* [PROBLEM DETAILS]:
Every entry should appear in your answer exactly as it does here.

* [DATA FOR THIS TASK]:
::::::::::
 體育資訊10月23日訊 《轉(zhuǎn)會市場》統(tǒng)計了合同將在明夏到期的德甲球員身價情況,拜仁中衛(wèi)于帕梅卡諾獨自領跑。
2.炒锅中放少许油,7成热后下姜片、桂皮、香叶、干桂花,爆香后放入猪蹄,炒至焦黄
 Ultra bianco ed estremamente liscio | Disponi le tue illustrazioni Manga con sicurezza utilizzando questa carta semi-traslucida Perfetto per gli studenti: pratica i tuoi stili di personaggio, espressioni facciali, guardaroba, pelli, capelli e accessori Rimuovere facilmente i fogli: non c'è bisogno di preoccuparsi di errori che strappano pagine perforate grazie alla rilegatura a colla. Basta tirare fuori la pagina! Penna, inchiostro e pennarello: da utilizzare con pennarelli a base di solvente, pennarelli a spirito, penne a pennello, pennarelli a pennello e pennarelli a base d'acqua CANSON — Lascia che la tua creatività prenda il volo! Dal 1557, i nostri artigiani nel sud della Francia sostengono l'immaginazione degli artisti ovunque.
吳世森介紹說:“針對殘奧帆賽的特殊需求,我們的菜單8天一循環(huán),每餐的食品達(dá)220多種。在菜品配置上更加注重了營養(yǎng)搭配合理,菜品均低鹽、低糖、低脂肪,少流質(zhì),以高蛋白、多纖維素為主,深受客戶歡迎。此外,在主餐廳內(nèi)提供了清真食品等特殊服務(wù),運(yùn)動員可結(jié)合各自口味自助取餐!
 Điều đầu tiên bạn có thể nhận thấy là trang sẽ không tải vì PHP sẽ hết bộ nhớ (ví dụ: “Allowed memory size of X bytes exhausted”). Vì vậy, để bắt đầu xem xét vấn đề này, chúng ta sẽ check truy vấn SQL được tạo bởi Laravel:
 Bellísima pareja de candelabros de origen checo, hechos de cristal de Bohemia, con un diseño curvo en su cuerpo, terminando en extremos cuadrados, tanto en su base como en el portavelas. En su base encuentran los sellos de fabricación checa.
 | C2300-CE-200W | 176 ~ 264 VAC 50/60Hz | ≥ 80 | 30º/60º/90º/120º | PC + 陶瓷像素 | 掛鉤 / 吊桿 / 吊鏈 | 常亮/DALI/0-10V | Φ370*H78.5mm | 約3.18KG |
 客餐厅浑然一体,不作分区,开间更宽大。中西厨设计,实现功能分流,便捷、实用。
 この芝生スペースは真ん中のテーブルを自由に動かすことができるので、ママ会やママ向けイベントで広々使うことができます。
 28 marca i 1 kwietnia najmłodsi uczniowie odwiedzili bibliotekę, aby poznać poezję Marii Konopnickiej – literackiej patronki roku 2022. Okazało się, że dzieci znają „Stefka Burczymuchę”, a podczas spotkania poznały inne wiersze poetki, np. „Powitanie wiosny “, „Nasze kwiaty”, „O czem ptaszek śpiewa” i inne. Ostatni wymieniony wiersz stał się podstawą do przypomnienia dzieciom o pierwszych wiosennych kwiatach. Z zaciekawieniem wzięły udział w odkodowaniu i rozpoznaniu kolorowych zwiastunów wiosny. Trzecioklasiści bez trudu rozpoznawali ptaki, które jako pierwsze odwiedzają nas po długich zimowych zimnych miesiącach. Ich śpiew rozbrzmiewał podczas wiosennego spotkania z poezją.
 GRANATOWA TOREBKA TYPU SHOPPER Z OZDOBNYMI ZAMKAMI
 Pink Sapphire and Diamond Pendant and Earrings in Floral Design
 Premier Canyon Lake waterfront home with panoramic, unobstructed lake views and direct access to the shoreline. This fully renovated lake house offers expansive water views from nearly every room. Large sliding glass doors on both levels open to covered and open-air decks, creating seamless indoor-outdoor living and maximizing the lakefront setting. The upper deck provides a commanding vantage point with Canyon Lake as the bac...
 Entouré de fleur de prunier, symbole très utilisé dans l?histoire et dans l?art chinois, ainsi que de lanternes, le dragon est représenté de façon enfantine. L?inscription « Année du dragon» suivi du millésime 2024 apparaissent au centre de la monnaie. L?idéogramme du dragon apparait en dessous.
::::::::::
* [WRITTEN ANSWER]:
 體育資訊10月23日訊 《轉(zhuǎn)會市場》統(tǒng)計了合同將在明夏到期的德甲球員身價情況,拜仁中衛(wèi)于帕梅卡諾獨自領跑。
2.炒锅中放少许油,7成热后下姜片、桂皮、香叶、干桂花,爆香后放入猪蹄,炒至焦黄
 Ultra bianco ed estremamente liscio | Disponi le tue illustrazioni Manga con sicurezza utilizzando questa carta semi-traslucida Perfetto per gli studenti: pratica i tuoi stili di personaggio, espressioni facciali, guardaroba, pelli, capelli e accessori Rimuovere facilmente i fogli: non c'è bisogno di preoccuparsi di errori che strappano pagine perforate grazie alla rilegatura a colla. Basta tirare fuori la pagina! Penna, inchiostro e pennarello: da utilizzare con pennarelli a base di solvente, pennarelli a spirito, penne a pennello, pennarelli a pennello e pennarelli a base d'acqua CANSON — Lascia che la tua creatività prenda il volo! Dal 1557, i nostri artigiani nel sud della Francia sostengono l'immaginazione degli artisti ovunque.
吳世森介紹說:“針對殘奧帆賽的特殊需求,我們的菜單8天一循環(huán),每餐的食品達(dá)220多種。在菜品配置上更加注重了營養(yǎng)搭配合理,菜品均低鹽、低糖、低脂肪,少流質(zhì),以高蛋白、多纖維素為主,深受客戶歡迎。此外,在主餐廳內(nèi)提供了清真食品等特殊服務(wù),運(yùn)動員可結(jié)合各自口味自助取餐!
 Điều đầu tiên bạn có thể nhận thấy là trang sẽ không tải vì PHP sẽ hết bộ nhớ (ví dụ: “Allowed memory size of X bytes exhausted”). Vì vậy, để bắt đầu xem xét vấn đề này, chúng ta sẽ check truy vấn SQL được tạo bởi Laravel:
 Bellísima pareja de candelabros de origen checo, hechos de cristal de Bohemia, con un diseño curvo en su cuerpo, terminando en extremos cuadrados, tanto en su base como en el portavelas. En su base encuentran los sellos de fabricación checa.
 | C2300-CE-200W | 176 ~ 264 VAC 50/60Hz | ≥ 80 | 30º/60º/90º/120º | PC + 陶瓷像素 | 掛鉤 / 吊桿 / 吊鏈 | 常亮/DALI/0-10V | Φ370*H78.5mm | 約3.18KG |
 客餐厅浑然一体,不作分区,开间更宽大。中西厨设计,实现功能分流,便捷、实用。
 この芝生スペースは真ん中のテーブルを自由に動かすことができるので、ママ会やママ向けイベントで広々使うことができます。
 28 marca i 1 kwietnia najmłodsi uczniowie odwiedzili bibliotekę, aby poznać poezję Marii Konopnickiej – literackiej patronki roku 2022. Okazało się, że dzieci znają „Stefka Burczymuchę”, a podczas spotkania poznały inne wiersze poetki, np. „Powitanie wiosny “, „Nasze kwiaty”, „O czem ptaszek śpiewa” i inne. Ostatni wymieniony wiersz stał się podstawą do przypomnienia dzieciom o pierwszych wiosennych kwiatach. Z zaciekawieniem wzięły udział w odkodowaniu i rozpoznaniu kolorowych zwiastunów wiosny. Trzecioklasiści bez trudu rozpoznawali ptaki, które jako pierwsze odwiedzają nas po długich zimowych zimnych miesiącach. Ich śpiew rozbrzmiewał podczas wiosennego spotkania z poezją.
 GRANATOWA TOREBKA TYPU SHOPPER Z OZDOBNYMI ZAMKAMI
 Pink Sapphire and Diamond Pendant and Earrings in Floral Design
 Premier Canyon Lake waterfront home with panoramic, unobstructed lake views and direct access to the shoreline. This fully renovated lake house offers expansive water views from nearly every room. Large sliding glass doors on both levels open to covered and open-air decks, creating seamless indoor-outdoor living and maximizing the lakefront setting. The upper deck provides a commanding vantage point with Canyon Lake as the bac...
 Entouré de fleur de prunier, symbole très utilisé dans l?histoire et dans l?art chinois, ainsi que de lanternes, le dragon est représenté de façon enfantine. L?inscription « Année du dragon» suivi du millésime 2024 apparaissent au centre de la monnaie. L?idéogramme du dragon apparait en dessous.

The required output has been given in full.